However, the clothier pressed charges. Parker was acquitted at a
jury trial.
He continued to work on ranches until
1884, when he moved to Tellurid, Colorado, ostensibly to seek work
but perhaps to deliver stolen horses to buyers. He led a cowboy's
life in Wyoming and in Montana, before returning to Telluride in
1887. There he met Matthew Warner, the owner of a race horse. The
men raced the horse at various events, dividing the winnings between
them.
1889-1894 — early robberies, going to
prison
The same trio, together with an unknown
fourth man, was responsible for the robbery on June 24, 1889, of the
San Miguel Valley Bank in Telluride in which they stole
approximately $21,000, after which they fled to the Robbers Roost, a
remote hideout in southeastern Utah.
In 1890, Parker purchased a ranch
near Dubois, Wyoming. This location is close to the notorious
Hole-in-the-Wall, a natural geological formation which afforded
outlaws much welcomed protection and cover, and so the suspicion has
always existed that Parker's ranching, at which he was never
economically successful, was in fact a façade which operated to
conceal more clandestine activities, perhaps in conjunction with
Hole-in-the-Wall outlaws.
In early 1894, Parker became involved
romantically with female Old West outlaw and rancher Ann Bassett.

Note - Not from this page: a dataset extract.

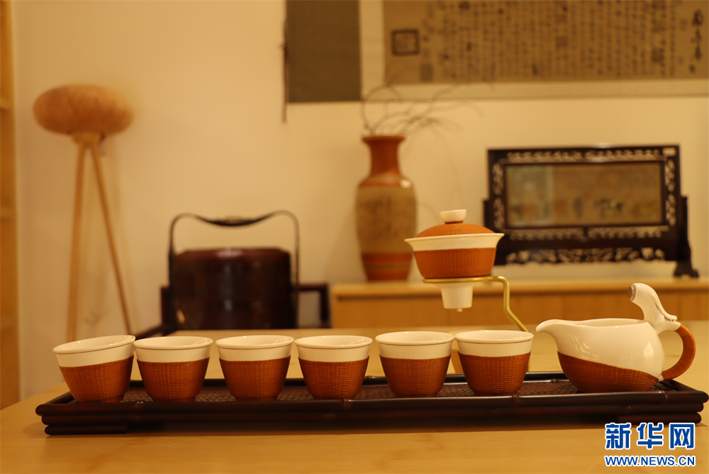 3月20日,在贵州省赤水市大同镇极竹堂非遗竹编产学研基地,竹编工艺品展示。新华网发(张浪摄)

Bassett's father, rancher Herb Bassett, did business with Parker,
supplying him with fresh horses and beef. That same year, Parker was
arrested at Lander, Wyoming, for stealing horses and possibly for
running a protection racket among the local ranchers there.
Imprisoned in the state prison in Laramie, Wyoming, he served 18
months of a two-year sentence and was released in January 1896,
having promised Governor William Alford Richards that he would not
again offend in that state in return for a partial remission of his
sentence. Upon his release, he became involved briefly with Ann
Bassett's older sister, Josie, then returned to his involvement with
Ann. |
1896-1897 — Leaving prison and forming the Wild
Bunch
Upon his release he associated himself with a
circle of criminals, most notably his closest friend Elzy Lay,
Harvey "Kid Curry" Logan, Ben Kilpatrick, Harry Tracy, Will "News"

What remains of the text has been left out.